Work meant to increase Net capacity causes a three-hour slowdown, especially for those trying to connect to West Coast Web sites.
A construction mishap affected MAE-West, one of the key exchange points for Internet backbone providers. Ironically, the facility is being expanded to help circumvent such outages, said Linda Laughlin, a spokeswoman for WorldCom, which is under government contract to run MAE-West.
In addition, the delay was exacerbated by extraordinarily heavy traffic going to NASA servers to check out the Mars space mission, she said.
Backbone Internet providers route requests and information through about a half-dozen network access points (NAPs). When one has a problem, it can affect the entire Internet. In this case, providers reported problems concentrating on the West Coast.

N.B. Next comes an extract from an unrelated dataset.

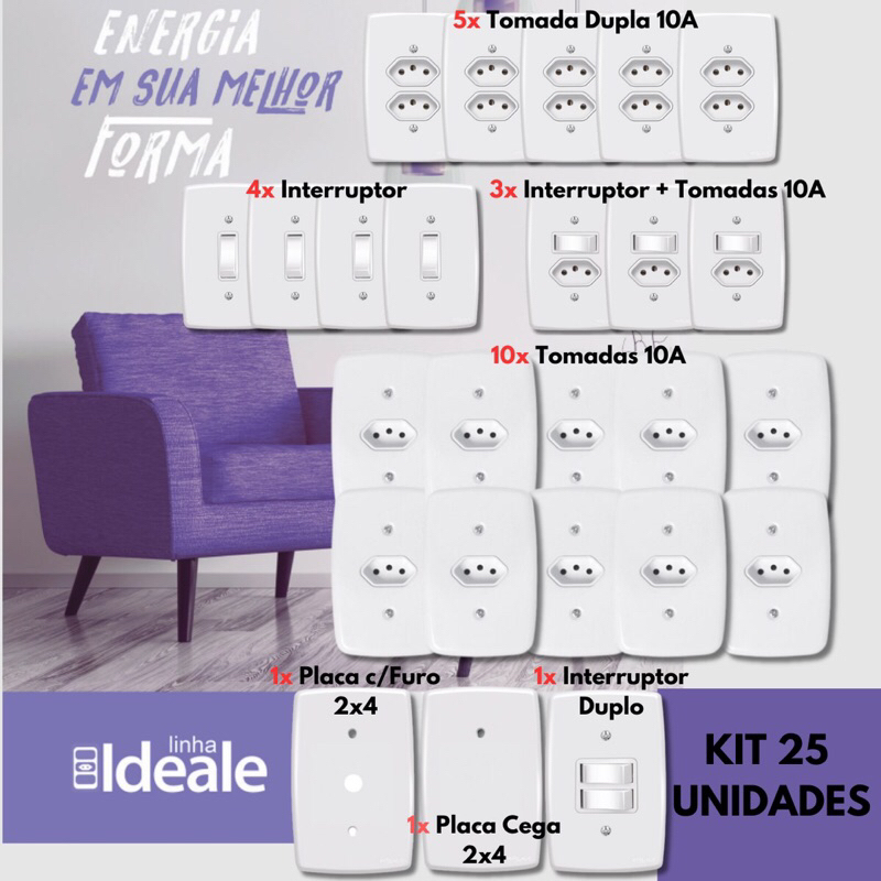Kit Casa Completo 25 Peças Tomada Interruptor Ideale Pluzie 10 Tomada10A 4 Interruptor 5 Tomada Dupla 10A 3 Interruptor Com Tomada10A 1 Interruptor Duplo 1 Placa Cega 1 Placa Cega Com Furo 2x4

The trouble started at about 7:30 a.m. PT when the electricity was cut off at one of MAE-West's three switches during a construction accident, Laughlin said. Engineers immediately began reconfiguring the Gigaswitch, she added, and all power was restored by 10:20 a.m.
"It would have affected any network access provider that would be sending traffic into the MAE-West to hand it off," Laughlin said. That's a lot of providers.
Laughlin noted that the expansion at the San Jose, California, facility is being done in direct response to the Net's intense growth. "We need to expand the site so we can have more power supply along with more backup power and make it larger."